BRIEF ▸ The entries are to be output word for word, with the pictures omitted.
------------
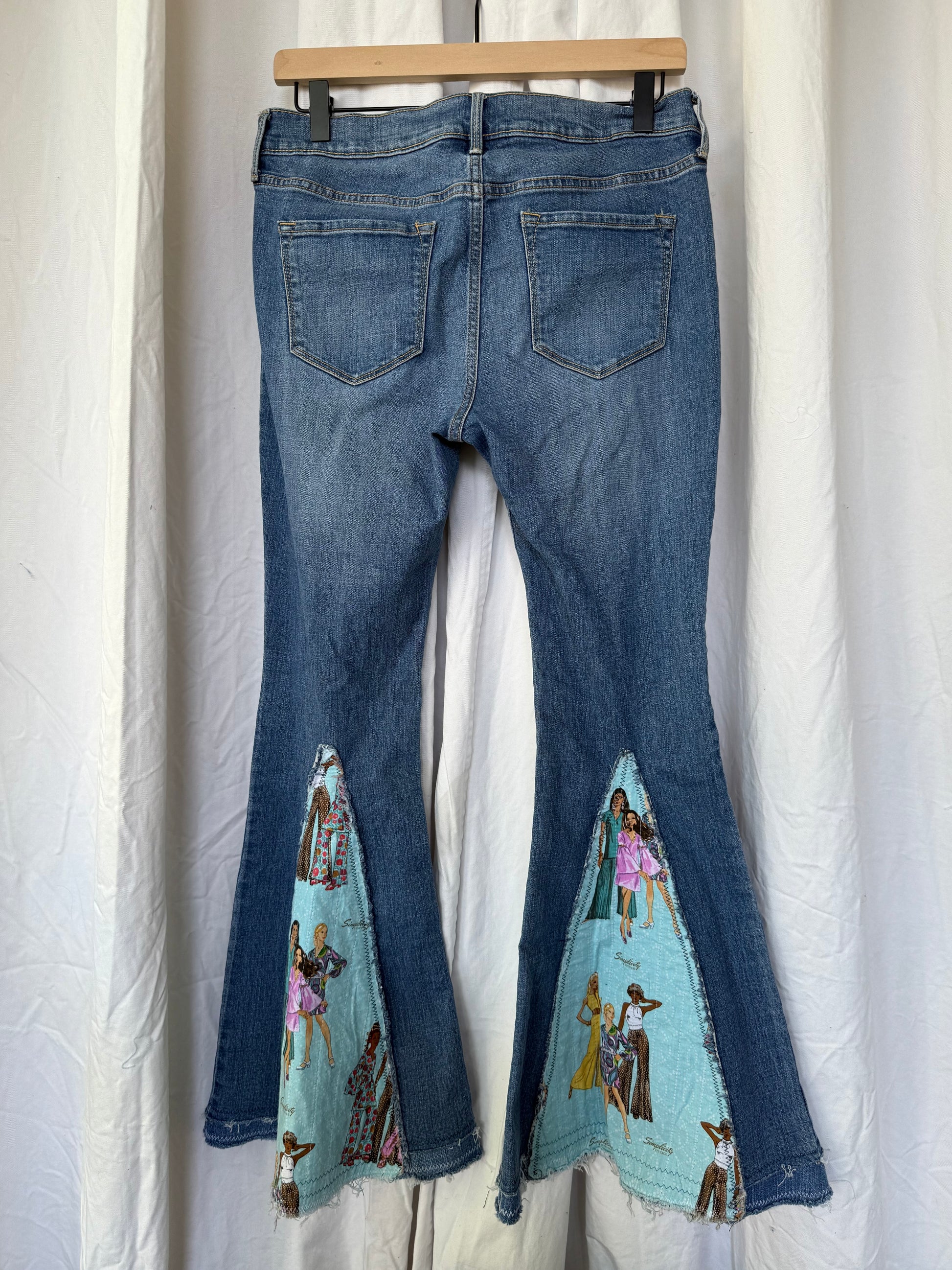 Make every sidewalk your runway with these one-of-a-kind upcycled bell-bottom jeans! Featuring light blue inserts with vintage fashion illustrations, these jeans celebrate timeless style and individuality. Perfect for fashion lovers, art enthusiasts, or anyone who dares to stand out with bold, sustainable fashion.
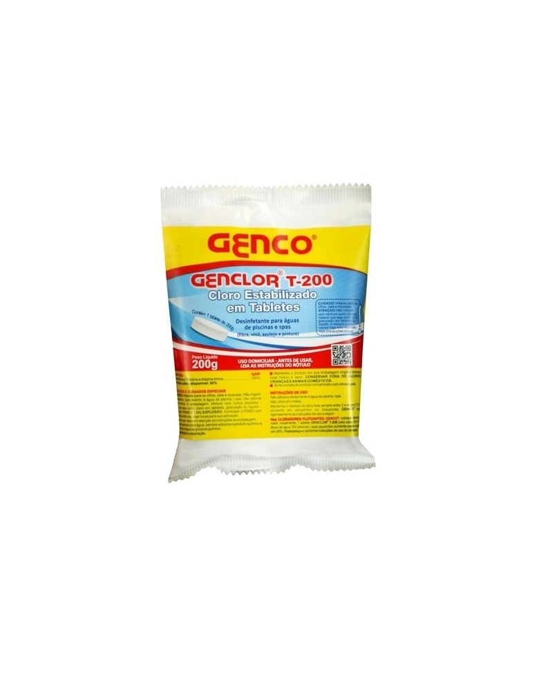 Tricloro em tabletes concentrado, contém 90% de cloro ativo. Possui estabilizante que inibe a degradação do cloro pelos raios UV (raios solares). GENCLOR® TABLETES CLORO ESTABILIZADO GENCO® apresenta dissolução lenta para cloração contínua e automática em cloradores ou dosadores automáticos por vários dias. Indicado para piscinas residenciais e institucionais.
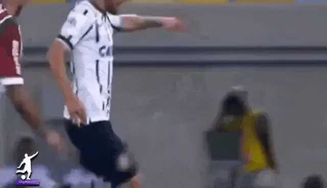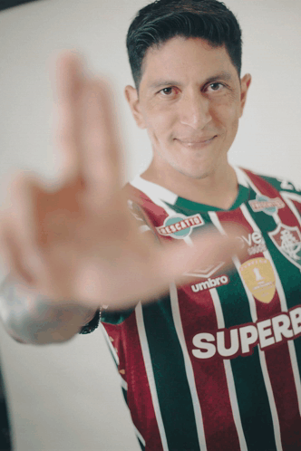 Germán Cano, the Fluminense striker, smiles and makes a hand gesture in his team's jersey.
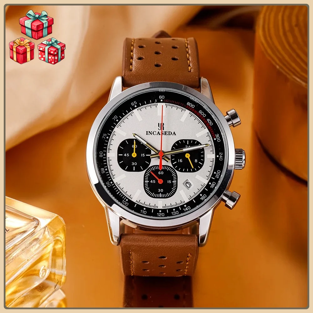Montre de Couple lumineuse, chronographe, Quartz, cuir, sport multifonctionnel, étanche, avec affichage de la Date
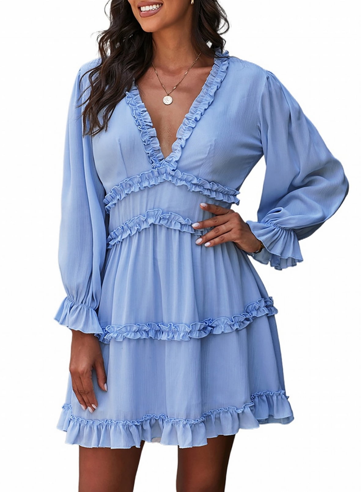 Dokotoo Women S Sky Blue Fashion V Neck High Waist A Line Ruffle Hem Mini Dress Size Large Us 12 14 Walmart Com
------------
SOLUTION BELOW ▸
 Make every sidewalk your runway with these one-of-a-kind upcycled bell-bottom jeans! Featuring light blue inserts with vintage fashion illustrations, these jeans celebrate timeless style and individuality. Perfect for fashion lovers, art enthusiasts, or anyone who dares to stand out with bold, sustainable fashion.
 Tricloro em tabletes concentrado, contém 90% de cloro ativo. Possui estabilizante que inibe a degradação do cloro pelos raios UV (raios solares). GENCLOR® TABLETES CLORO ESTABILIZADO GENCO® apresenta dissolução lenta para cloração contínua e automática em cloradores ou dosadores automáticos por vários dias. Indicado para piscinas residenciais e institucionais.
 Germán Cano, the Fluminense striker, smiles and makes a hand gesture in his team's jersey.
Montre de Couple lumineuse, chronographe, Quartz, cuir, sport multifonctionnel, étanche, avec affichage de la Date
 Dokotoo Women S Sky Blue Fashion V Neck High Waist A Line Ruffle Hem Mini Dress Size Large Us 12 14 Walmart Com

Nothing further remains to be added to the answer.